3. Google Spain offered some clarity on a number of extremely relevant aspects such as: i) the [existence of] processing of personal data by search engines; ii) their status as data controllers under EU law; iii) the applicability of the EU’s data protection rules even if the undertaking is not headquartered in the Union; iv) the obligation of a search engine to suppress certain results containing personal data at the request of the data subject; v) the extension, range and (material) limits to the data subjects’ rights. The natural conclusion to arrive is that Google Spain granted European citizens the right to no longer be linked by name to a list of results displayed following a search made on the basis of said name.

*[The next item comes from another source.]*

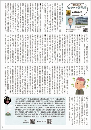 まず、9号での担当ページは本誌の特集と連動させ『認知症予防』の効果が期待できるツボを解説。
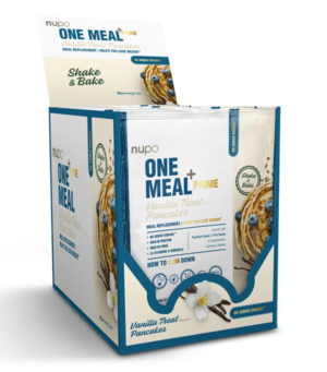 Nupo One Meal +Prime Pancake Vanilla Treat er et blandingsklart pandekage måltidserstatningspulver til vægttab og vægtkontrol* – helt uden tilsat sukker!

4. What the judgment did not clarify, however, is the territorial scope of the right (i.e. where in the world does the connection have to be suppressed?). Is it a global obligation? European-wide? Only within the territory of a specific Member State? In 2018, the European Data Protection Board (hereinafter, “EDPB”) issued Guidelines on the territorial scope of the GDPR, but their focus is Article 3 of the legal instrument and therefore they offer no clarity on this issue (even if they did, they would not bind the ECJ).